Dotzilla wrote:
maybe i'm continuing to miss your point, but i don't understand how paper money can be a representative of an economy backed by trees. you need to harvest the trees for the paper. paper money can't be a representative, right? it IS the money.
What Usd said. Even assuming it actually took trees to make bills, you seem to be presuming that we must necessarily cut down all trees to make sufficient paper to represent them.
Dotzilla wrote:
also, i really don't know anything about economy but the ability to just grow more money sounds like it would inflate things. you want to buy 1 tomato, which costs 2 trees. you only have 1 tree. you grow another tree. now you have 2 trees, but you didn't contribute to the economy to gain that second tree. you didn't "work" for it, in the market sense.
The tree has, and represents, value. Economy is exchange of value.
This basic principle holds true whether the currency is backed by gold, trees, or faith in the government.
Dotzilla wrote:
like i said, i don't know much (or anything, really) about economics, but it seems like if we had the ability to just make gold it's value would fall considerably. the value of a precious metal is determined by it's rarity. which is why warren buffet has a 350 million dollar iridium wedding ring. lolz
We do have the capacity to make gold, by means of a process called mining.
Gold, like any other naturally occurring resource, isn't "made" until it's processed into a form that can be packaged, used and/or sold.

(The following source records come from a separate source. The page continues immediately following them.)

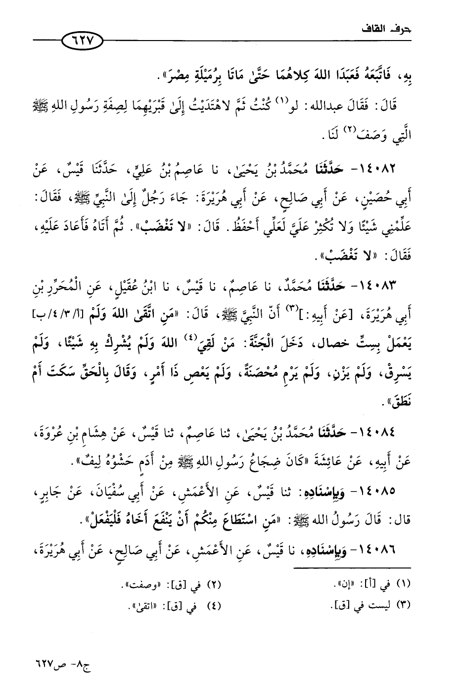 14082 - حَدثنا مُحمد بن يَحيى، حَدثنا عاصم بن علي، حَدثنا قيس، عن أبي حصين، عن أبي صالح، عن أبي هريرة؛ جاء رجل إلى النبي صَلى الله عَليه وسلم فقال: علمني شيئا ولا تكثر عليَّ، لعلي أحفظ، قال: لا تغضب، ثم أتاه فأعاد عليه، فقال: لا تغضب.
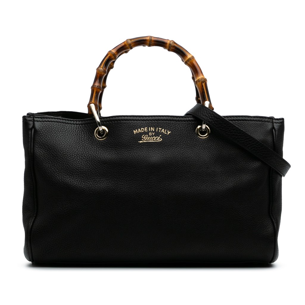 The Bamboo Shopper satchel features a leather body, bamboo top handles, a detachable flat leather strap, an open top with a magnetic closure, and interior zip and slip pockets.
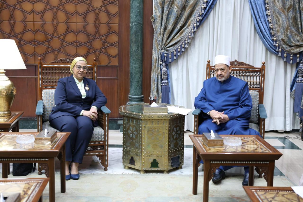 التقت المستشارة أمل عمار رئيسة المجلس القومي للمرأة بالإمام الأكبر الدكتور أحمد الطيب شيخ الأزهر الشريف، وذلك بحضور الدكتورة نسرين البغدادي نائبة رئيسة المجلس، والدكتورة سوزان القليني عضوة المجلس ،والدكتورة أفنان الشعيبي المديرة التنفيذية لمنظمة تنمية المرأة، والمهندسة جيهان توفيق رئيسة الإدارة المركزية لشؤون مكتب رئيس المجلس، لمناقشة سبل التعاون المشترك بما يدعم حقوق المرأة وتمكينها في العالم الإسلامي، وذلك بمقر مشيخة الأزهر.
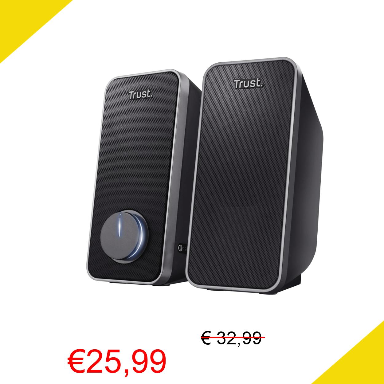 💥 Trust arys standard Casse PC 2.0 Set Altoparlanti Stereo, 28 W, Alimentazione USB, Jack AUX 3.5 mm, Casse per PC Fisso, Altoparlante per Computer, Portatile, Tablet, Smartphone - Nero
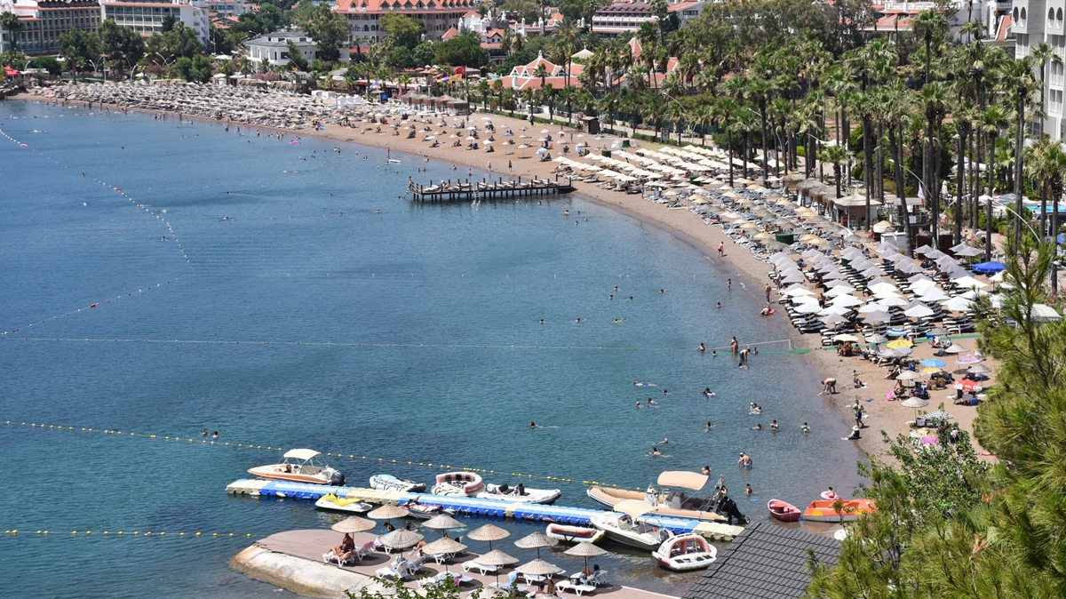 Marmaris'in Uzunyalı, İçmeler ve Turunç plajları ile Orhaniye Mahallesi'ndeki Kız Kumu Plajı'nda yoğunluk yaşanıyor.
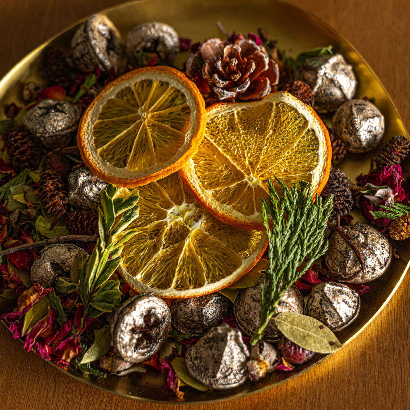 • Citrus garlands and holiday styling

This is one of my criticisms of the gold-based currency: it would lead to over-investment in exploration and make countries like Burma or South Africa richer than the US/EU/PRC overnight for absolutely no good reason. Not to mention that with today's advanced technology, gold-backed currency would lead to investment in pointlessly creative new ways to make gold (such as refining sand and seawater) that would serve no productive purpose.
In the case of trees, though, we do have an interest in finding a way to ensure that more are produced. And as almost all economic activity today comes with a direct environmental tradeoff, usually via deforestation or CO2 emissions, using trees as currency would create an economic vehicle that could not only compensate for the damage, but perhaps, over time, even reverse it to a considerable extent, reforesting large areas and restoring groundwater, while ensuring an even higher standard of living than we have today.